Streaming functions and recursion, part 5
And there is also a way to run the recursive calls without even the need to increase the recursion depth limit. It can be left at the default 1, without setMaxRecursionDepth(). The secret is to fork the argument rowops to the functions instead of calling them.
###
# A streaming function that computes a Fibonacci number.
# Input:
# $lbFibCompute: request to compute the number.
# Output (by FnReturn labels):
# "result": the computed value.
# The opcode is preserved through the computation.
my @stackFib; # stack of the function states
my $stateFib; # The current state
my $frFib = Triceps::FnReturn->new(
name => "Fib",
unit => $uFib,
labels => [
result => $rtFibRes,
],
onPush => sub { push @stackFib, $stateFib; $stateFib = { }; },
onPop => sub { $stateFib = pop @stackFib; },
);
my $lbFibResult = $frFib->getLabel("result");
# Declare the label & binding variables in advance, to define them sequentially.
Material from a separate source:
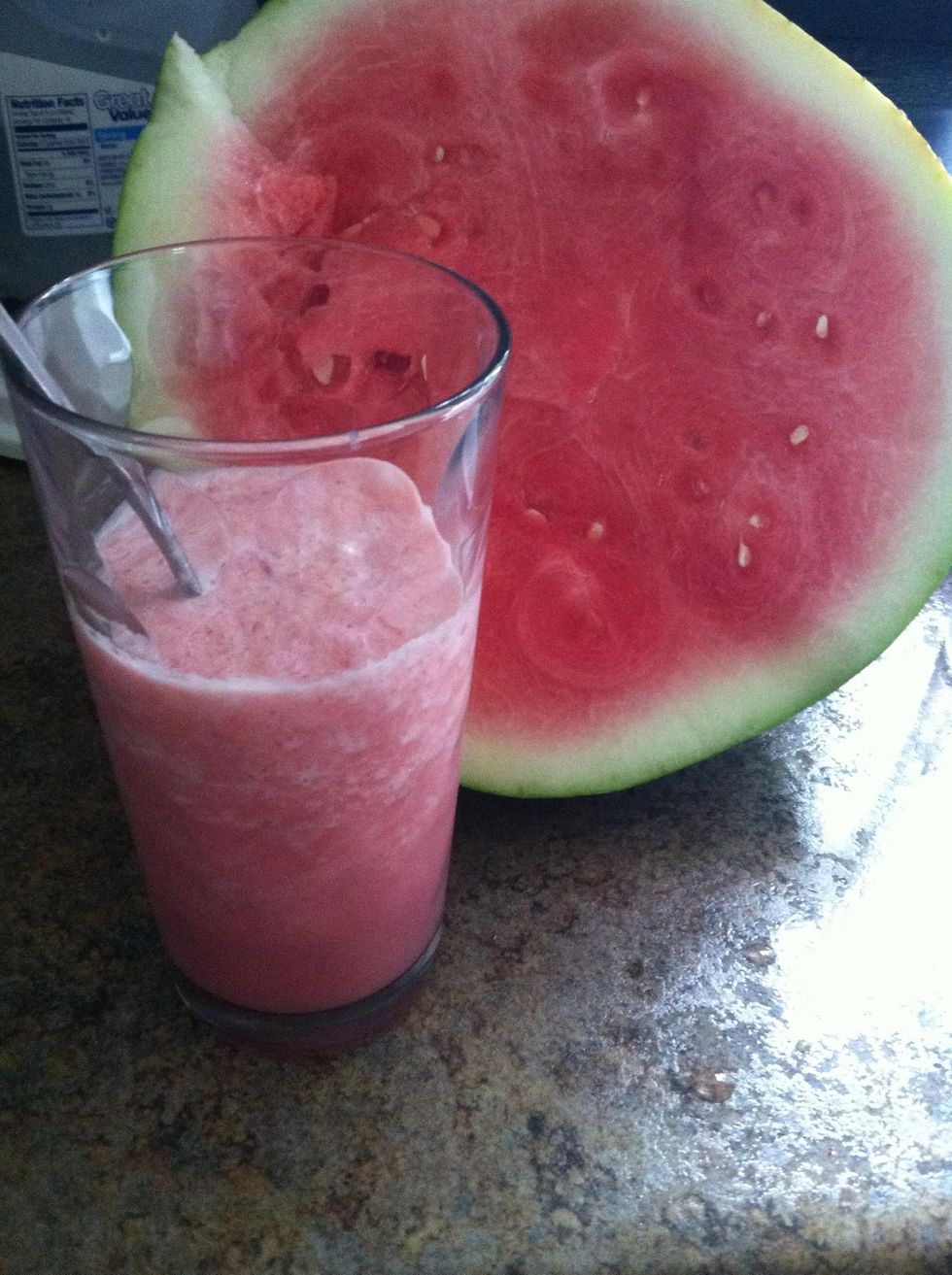 Blend in 2 cups of ice. I also added a little bit of honey to add some sweetness but that is optional.

my ($lbFibCompute, $fbFibPrev1, $fbFibPrev2);
$lbFibCompute = $uFib->makeLabel($rtFibArg, "FibCompute", undef, sub {
my $row = $_[1]->getRow();
my $op = $_[1]->getOpcode();
my $idx = $row->get("idx");
if ($idx <= 1) {
$uFib->fork($frFib->getLabel("result")->makeRowopHash($op,
idx => $idx,
fib => $idx < 1 ? 0 : 1,
));
} else {
$stateFib->{op} = $op;
$stateFib->{idx} = $idx;
$frFib->push($fbFibPrev1);
$uFib->fork($lbFibCompute->makeRowopHash($op,
idx => $idx - 1,
));
}
}) or confess "$!";
$fbFibPrev1 = Triceps::FnBinding->new(
unit => $uFib,
name => "FibPrev1",
on => $frFib,
labels => [
result => sub {
$frFib->pop($fbFibPrev1);
$stateFib->{prev1} = $_[1]->getRow()->get("fib");
# must prepare before pushing new state and with it new $stateFib
my $rop = $lbFibCompute->makeRowopHash($stateFib->{op},
idx => $stateFib->{idx} - 2,
);
$frFib->push($fbFibPrev2);
$uFib->fork($rop);
},
],
);
$fbFibPrev2 = Triceps::FnBinding->new(
unit => $uFib,
on => $frFib,
name => "FibPrev2",
labels => [
result => sub {
$frFib->pop($fbFibPrev2);
$stateFib->{prev2} = $_[1]->getRow()->get("fib");
$uFib->fork($frFib->getLabel("result")->makeRowopHash($stateFib->{op},
idx => $stateFib->{idx},
fib => $stateFib->{prev1} + $stateFib->{prev2},
));
},
],
);
# End of streaming function
###
This is a variety of the pre-previous example, with the split push and pop. The split is required for the fork to work: when the forked rowop executes, the calling label has already returned, so obviously the scoped approach won't work.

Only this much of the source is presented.